Preliminary analysis by ONE on how African countries are using their SDRs shows that the majority are using them to stabilise their economies. Angola and The Gambia, for instance, have indicated that they will use some of their SDRs to enhance their foreign exchange reserves. Senegal and Zimbabwe have announced that they will use some of their allocations to boost their health and social protection systems. Kenya has indicated that it will use part of its SDR allocation to support its budget and to repay Chinese loans. Nigeria is using some of its $3.3 billion worth of SDRs – equivalent to 8% of its budget – to reduce its budget deficit.

Inequitable distribution

However, since most of the SDRs have gone to countries that have a bigger share of quotas in the IMF, low-income countries with the smallest share of quotas have not benefitted equitably from the allocation. African countries have received roughly $33 billion, or just 5% of the total SDR allocation, compared to $113 billion, or 17% allocated to the US alone. G7 countries (the US, Japan, Germany, France, the UK, Italy, and Canada) account for 43% of the allocated SDRs.

In May, French President Emmanuel Macron announced he would work towards persuading rich countries to recycle $100 billion of their SDRs to African states. However, given that Africa will require additional financing of up to $285 billion through 2025 just to respond to the pandemic, that $100 billion ambition is just an initial step and much more will be needed.

Analysts argue that recycling SDRs is a more efficient and accountable way of channelling aid, because there is likely to be stringent monitoring of how the recycled SDRs are used. African finance ministers have already committed to publicly disclosing how the recycled SDRs will be used and periodically publishing progress reports on their impact.

But recycling SDRs is not as easy as it might seem. It is fraught with technical, legal, and political hurdles. The Biden administration has indicated interest in recycling a portion of the United States’ SDRs through the PRGT or another IMF facility, but it would require congressional approval to do so.

We are seeing some progress. The recent G20 Rome Leaders’ Declaration noted that we are about halfway to the $100 billion target, with pledges of nearly $45 billion in recycled SDRs.
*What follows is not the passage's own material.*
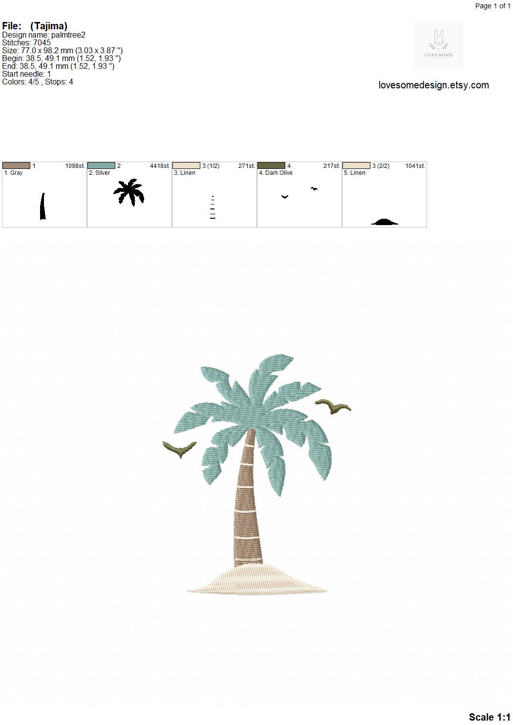 This listing includes one palm tree design for machine embroidery in three sizes, each appr. in 3inch, 3.5inch and 4inch for embroidery hoops 4x4 and bigger.
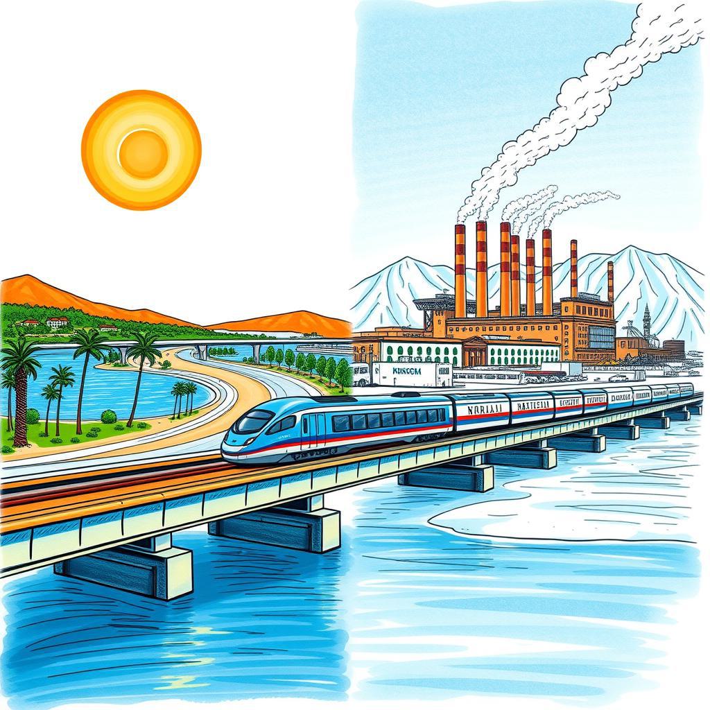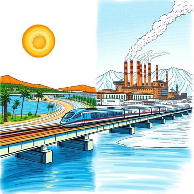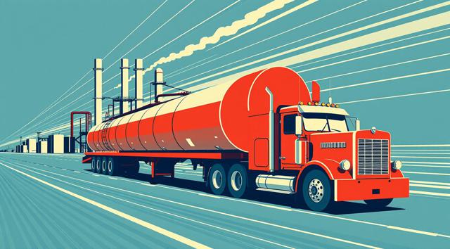 Плакат в стиле советского конструктивизма 1920-х годов. Динамичная геометрическая композиция. Стилизованный промышленный комплекс: смелый красный седельный тягач с цилиндрической цистерной-прицепом, перевозящий схематичный завод с ректификационными колоннами и трубопроводами. Диагональные линии и пересекающиеся геометрические формы создают движение. Ограниченная палитра: красный, черный, электрический синий и кремовый. Синий цвет используется как современный неоновый акцент, очерчивающий структурные элементы. Плоские цвета, строгая типографика, асимметричная компоновка. Без текста и читаемых букв.

While a public breakdown of this isn’t available, France, the UK, Canada, Italy, and Spain have all announced their intention to recycle 20% of their SDRs. At the Forum on China-Africa Cooperation, held in Senegal last month, China also announced that it is ready to channel $10 billion worth of its SDRs to African countries.

France, which assumes presidency of the European Union in 2022, might play a key role in rallying other EU states to recycle their SDRs. EU member states, which were collectively allocated $170 billion (26% of the total) have already expressed a desire to recycle their SDRs to developing countries. The IMF, finance ministers, and central banks will play a critical role in ensuring that this happens. As SDR recycling is voluntary, the political will of rich nations’ leaders is also needed.

Rasna Warah is a Kenyan writer and journalist who is working with the ONE Campaign’s COVID-19 Aftershocks project.